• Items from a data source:

------------------------------------

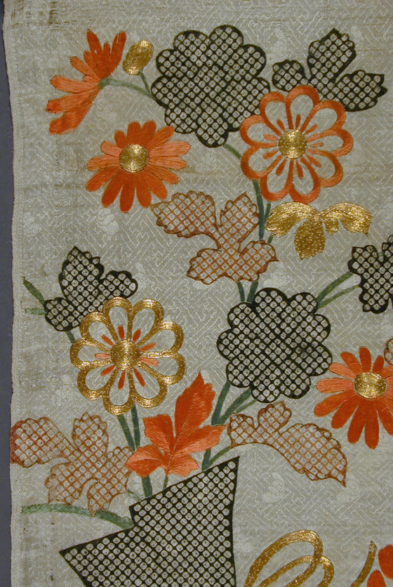 Silk figured satin (rinzu), stenciled imitation tie-dye (kata-kanoko shibori) with silk and gilt paper wrapped silk thread embroidery
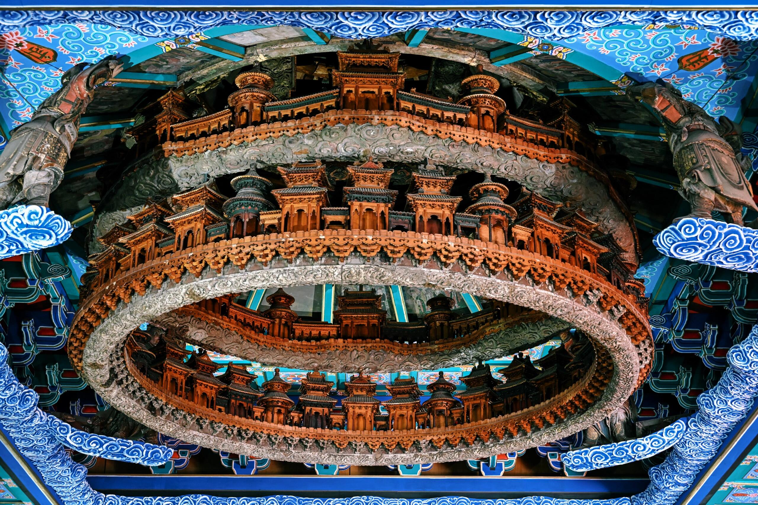 第一次仰头凝视它时,人总会下意识地屏住呼吸。不是因为它近六米的直径带来的视觉压迫,而是那层层嵌套的结构里,仿佛藏着一整个浓缩的天界。藻井从上至下共分六层,每一层的圆形主框架都细雕着云纹,那些云朵不是呆板的重复,而是疏密有致地缠绕,有的如轻纱拂过,有的似浪涛翻涌,木纹与雕痕在光线下交错,竟让人看出几分云气流动的错觉。
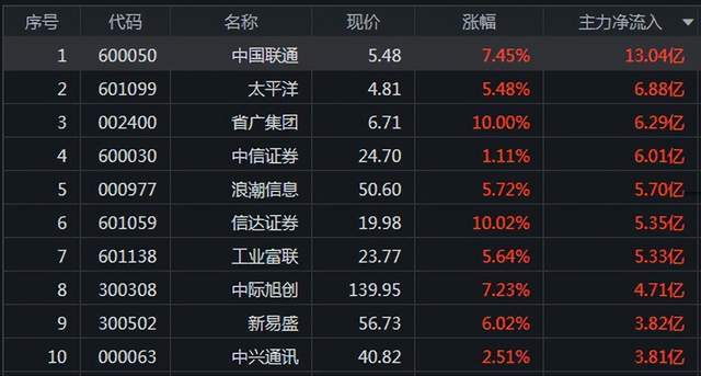 今日主力资金净流入前10只股:
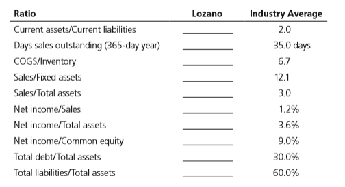 a. Calculate the indicated ratios for Lozano.
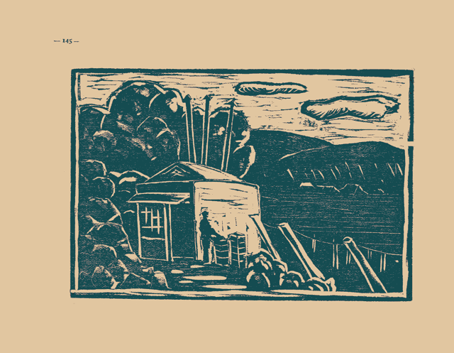 中秋の候、棚下の黄緑葉の間から、紫水晶に似た美果が房々と垂れ下る樣は、何ともいはれぬ[# 原本では「ね」となっている]美觀である。畫の左方にあるのは葡萄貯藏庫で、この庫の中に置けば、何時でも新鮮そのまゝを味ふことが出來る魔法の倉である。
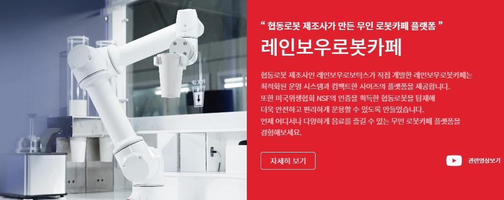 레인보우로봇카페는 최적화된 운영 시스템과 컴팩트한 사이즈의 플랫폼을 제공하고 또한 미국위생협회 NSF의 인증을 획득한 협동로봇을 탑재해 더욱 안전하고 편리하게 운용할 수 있도록 만들었다고 해요. 평균 음료 제조시간은 50초이고 비대면 주문, 결제가 가능해요.
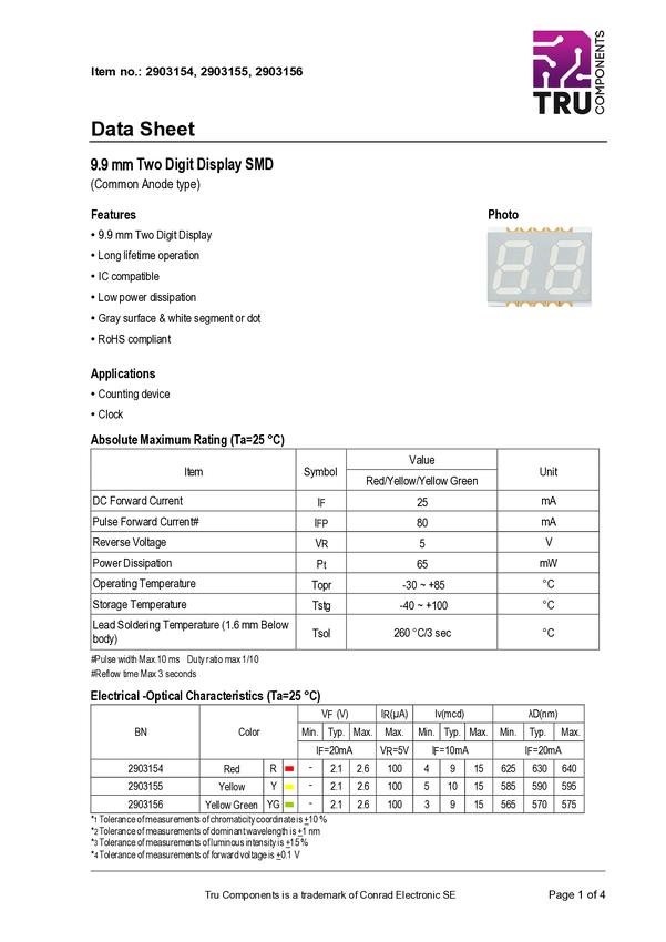 TC-11612616 Dwucyfrowy wyświetlacz TRU COMPONENTS TC-11612616 9 mcd 1 szt.

------------------------------------

• EXERCISE:
Above are the records. Copy only the lines from the one with "中秋の候、棚下の黄緑葉の間か" through the one with "레인보우로봇카페는 최적화된 운영", exactly, with no pictures.

• RESPONSE AREA:
 中秋の候、棚下の黄緑葉の間から、紫水晶に似た美果が房々と垂れ下る樣は、何ともいはれぬ[# 原本では「ね」となっている]美觀である。畫の左方にあるのは葡萄貯藏庫で、この庫の中に置けば、何時でも新鮮そのまゝを味ふことが出來る魔法の倉である。
 레인보우로봇카페는 최적화된 운영 시스템과 컴팩트한 사이즈의 플랫폼을 제공하고 또한 미국위생협회 NSF의 인증을 획득한 협동로봇을 탑재해 더욱 안전하고 편리하게 운용할 수 있도록 만들었다고 해요. 평균 음료 제조시간은 50초이고 비대면 주문, 결제가 가능해요.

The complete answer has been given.